• [Work item] Print the records below exactly, omitting all pictures.

• [Data]

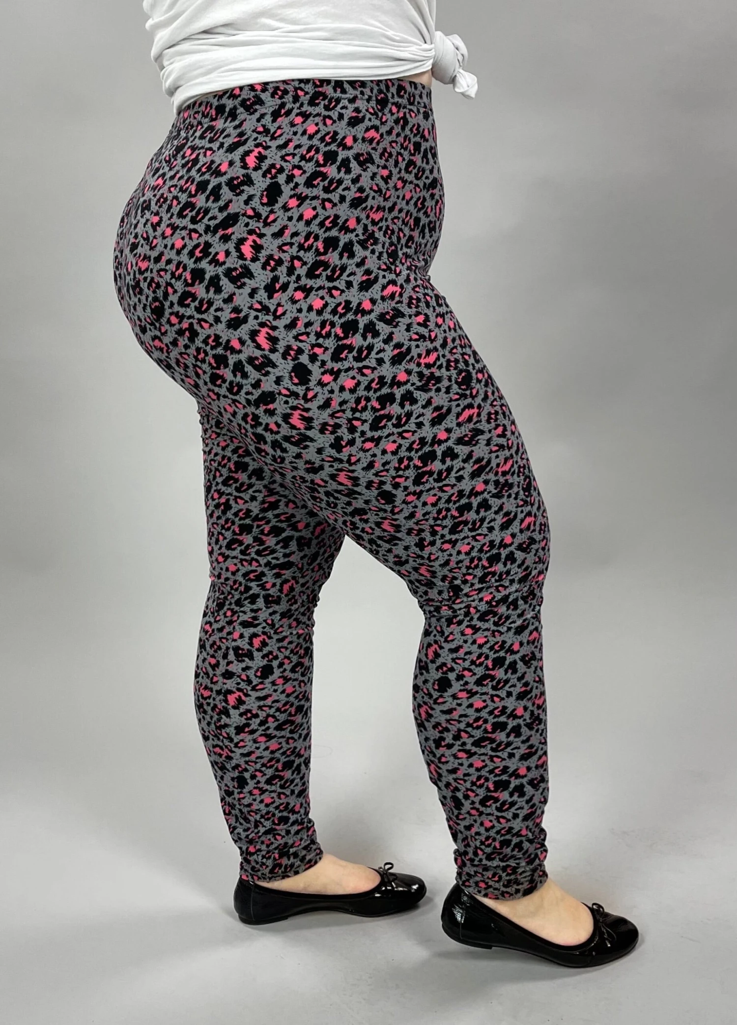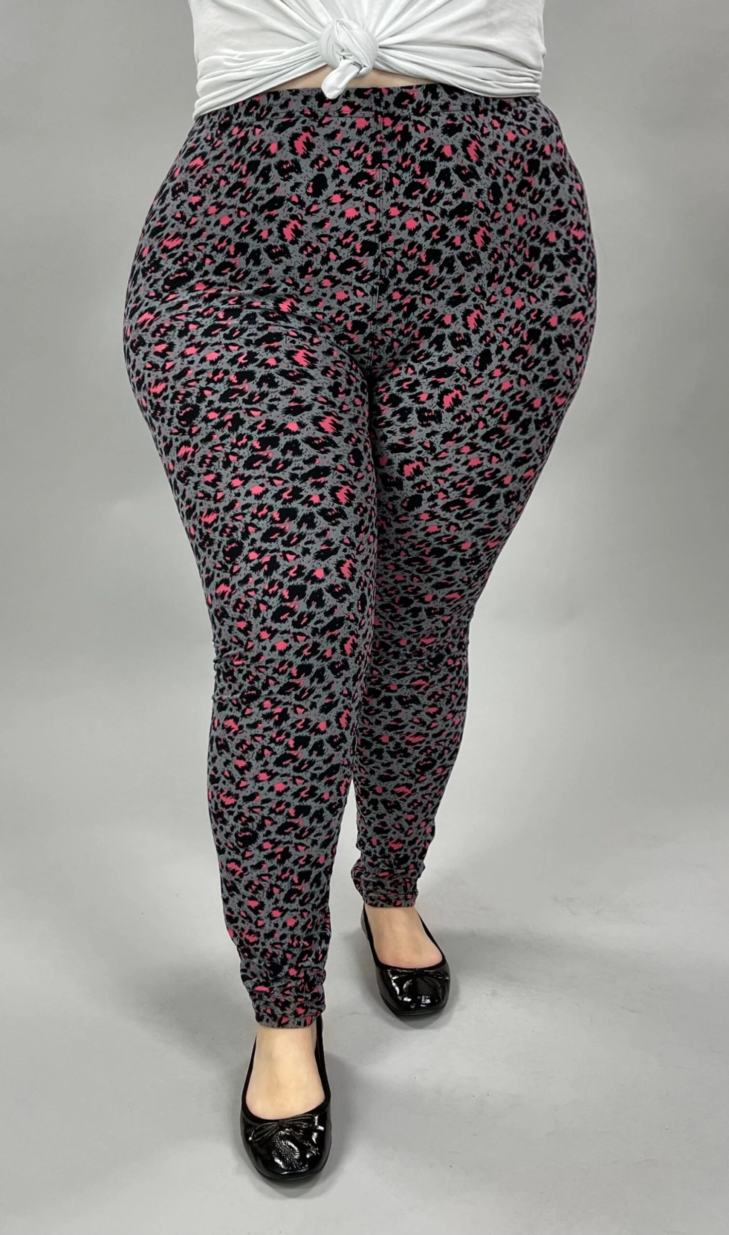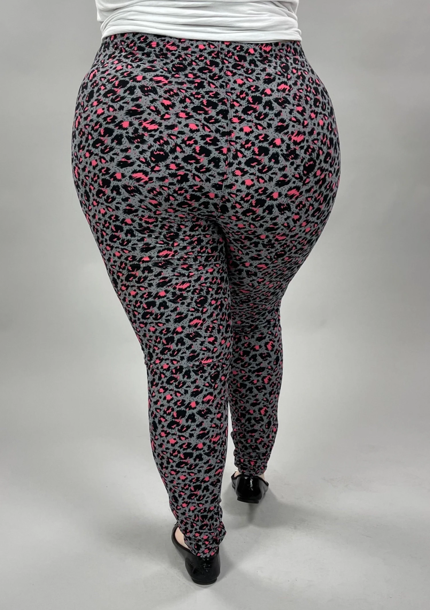 LEG-L {Leopard Life} Grey/Pink Leopard Printed Leggings EXTENDED PLUS SIZE
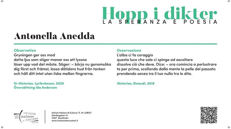 För institutets projekt - "La speranza è poesia / Hopp i dikter" valdes italienska författare översatta till svenska med en stark minnesväckande kraft. Historiae (Einaudi, 2018) är en samling av Antonella Anedda, en av de viktigaste samtida italienska kvinnliga diktare vars verser är byggda som en bildsekvens "som kastar ljus på det man inte vill se”. Hennes dikter verkar blanda olika språk, hon växlar mellan olika dialekter och sträcker sig från den offentliga till den privata sfären. Boken publicerades nyligen i Sverige av Lyrikvännen, med översättning av Ida Andersen och Nina M. Olsson.
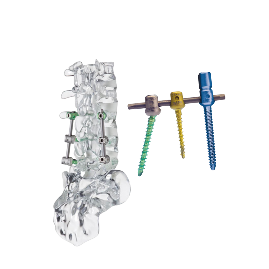 IntraSPINE – Sistema de estabilización dinámico respetuoso del eje de rotación del segmento. Su soporte laminar cerca del eje de rotación permite descompresión y una corrección de la lordosis mejor que otros dispositivos posteriores. Producido francés.
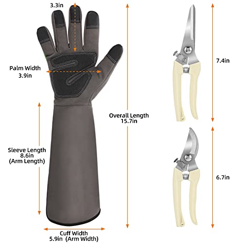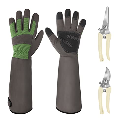 【Strumento da giardinaggio perfetto】 - Riceverai un paio di guanti da giardinaggio lunghi e 2 pezzi di forbici per rami in acciaio inossidabile. Sono il partner perfetto per gestire tutte le tue attività di giardinaggio durante la potatura, il diserbo, la semina, lo scavo, la raccolta dei frutti e altro ancora. Un must in quattro stagioni per tutti i giardinieri, paesaggisti, lavoratori, agricoltori e altro ancora.
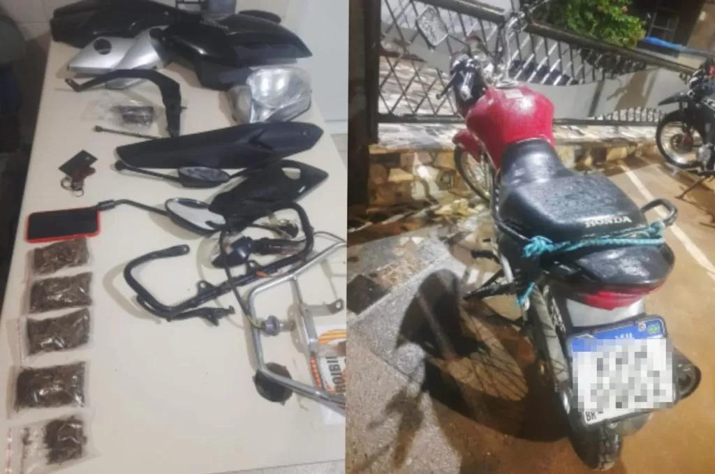 A polícia militar apreendeu drogas, peças de moto e uma motocicleta roubada em uma residência na Rua Maria das Dores, no bairro Feliciano, em Belo Jardim, no final da tarde de terça-feira, dia 16. Dois suspeitos foram presos em flagrante e levados à delegacia de polícia.
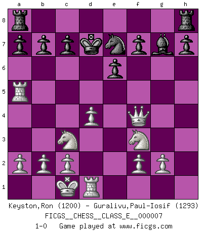 Last move : 1-0 2006 July 11 16:55:12 [Event "FICGS__CHESS__CLASS_E__000007"] [Site "FICGS"] [Date "2006.06.27"] [Round "1"] [White "Keyston,Ron"] [Black "Guralivu,Paul-Iosif"] [Result "1-0"] [WhiteElo "1200"] [BlackElo "1293"] 1.e4 e6 2.d4 d5 3.Nc3 Ne7 4.Nf3 g6 5.h4 Bg7 6.h5 gxh5 7.Bf4 Ng6 8.Qd2 Nxf4 9.Qxf4 dxe4 10.Nxe4 Nc6 11.O-O-O Qd5 12.Nc3 Qa5 13.Bb5 Bd7 14.Rxh5 Ne7 15.Bxd7+ Kxd7 16.Rxa5 1-0 French : Paulsen variation Queenside Castling by player White (move 11) Player White won this chess game. Follow this game move after move (download)I guess a certain amount of temperament is expected of Chess geniuses. (Ron Gross) Das Schachspiel übertrifft alle anderen Spiele so weit wie der Chimborasso einen Misthaufen. (Arthur Schopenhauer) En un gambito tu regalas un Peón por el bién de tomar un juego perdido. (Samuel Standige Boden) Le jeu d'échecs fait naître et fortifie en nous plusieurs qualités précieuses dans le cours de l'existence, telles que la prévoyance, la circonspection, la prudence, et la persévérance. (Benjamin Franklin - 1783, la morale des échecs) Perhaps the current trend of many chess professionals taking up the more lucrative pastime of poker is not a wholly negative one. It may not be too late for humans to relearn how to take risks in order to innovate and thereby maintain the advanced lifestyles we enjoy. And if it takes a poker-playing supercomputer to remind us that we can't enjoy the rewards without taking the risks, so be it. (The Chess Master and the Computer, by Garry Kasparov - 2010)

• [Response for this exercise]
 LEG-L {Leopard Life} Grey/Pink Leopard Printed Leggings EXTENDED PLUS SIZE
 För institutets projekt - "La speranza è poesia / Hopp i dikter" valdes italienska författare översatta till svenska med en stark minnesväckande kraft. Historiae (Einaudi, 2018) är en samling av Antonella Anedda, en av de viktigaste samtida italienska kvinnliga diktare vars verser är byggda som en bildsekvens "som kastar ljus på det man inte vill se”. Hennes dikter verkar blanda olika språk, hon växlar mellan olika dialekter och sträcker sig från den offentliga till den privata sfären. Boken publicerades nyligen i Sverige av Lyrikvännen, med översättning av Ida Andersen och Nina M. Olsson.
 IntraSPINE – Sistema de estabilización dinámico respetuoso del eje de rotación del segmento. Su soporte laminar cerca del eje de rotación permite descompresión y una corrección de la lordosis mejor que otros dispositivos posteriores. Producido francés.
 【Strumento da giardinaggio perfetto】 - Riceverai un paio di guanti da giardinaggio lunghi e 2 pezzi di forbici per rami in acciaio inossidabile. Sono il partner perfetto per gestire tutte le tue attività di giardinaggio durante la potatura, il diserbo, la semina, lo scavo, la raccolta dei frutti e altro ancora. Un must in quattro stagioni per tutti i giardinieri, paesaggisti, lavoratori, agricoltori e altro ancora.
 A polícia militar apreendeu drogas, peças de moto e uma motocicleta roubada em uma residência na Rua Maria das Dores, no bairro Feliciano, em Belo Jardim, no final da tarde de terça-feira, dia 16. Dois suspeitos foram presos em flagrante e levados à delegacia de polícia.
 Last move : 1-0 2006 July 11 16:55:12 [Event "FICGS__CHESS__CLASS_E__000007"] [Site "FICGS"] [Date "2006.06.27"] [Round "1"] [White "Keyston,Ron"] [Black "Guralivu,Paul-Iosif"] [Result "1-0"] [WhiteElo "1200"] [BlackElo "1293"] 1.e4 e6 2.d4 d5 3.Nc3 Ne7 4.Nf3 g6 5.h4 Bg7 6.h5 gxh5 7.Bf4 Ng6 8.Qd2 Nxf4 9.Qxf4 dxe4 10.Nxe4 Nc6 11.O-O-O Qd5 12.Nc3 Qa5 13.Bb5 Bd7 14.Rxh5 Ne7 15.Bxd7+ Kxd7 16.Rxa5 1-0 French : Paulsen variation Queenside Castling by player White (move 11) Player White won this chess game. Follow this game move after move (download)I guess a certain amount of temperament is expected of Chess geniuses. (Ron Gross) Das Schachspiel übertrifft alle anderen Spiele so weit wie der Chimborasso einen Misthaufen. (Arthur Schopenhauer) En un gambito tu regalas un Peón por el bién de tomar un juego perdido. (Samuel Standige Boden) Le jeu d'échecs fait naître et fortifie en nous plusieurs qualités précieuses dans le cours de l'existence, telles que la prévoyance, la circonspection, la prudence, et la persévérance. (Benjamin Franklin - 1783, la morale des échecs) Perhaps the current trend of many chess professionals taking up the more lucrative pastime of poker is not a wholly negative one. It may not be too late for humans to relearn how to take risks in order to innovate and thereby maintain the advanced lifestyles we enjoy. And if it takes a poker-playing supercomputer to remind us that we can't enjoy the rewards without taking the risks, so be it. (The Chess Master and the Computer, by Garry Kasparov - 2010)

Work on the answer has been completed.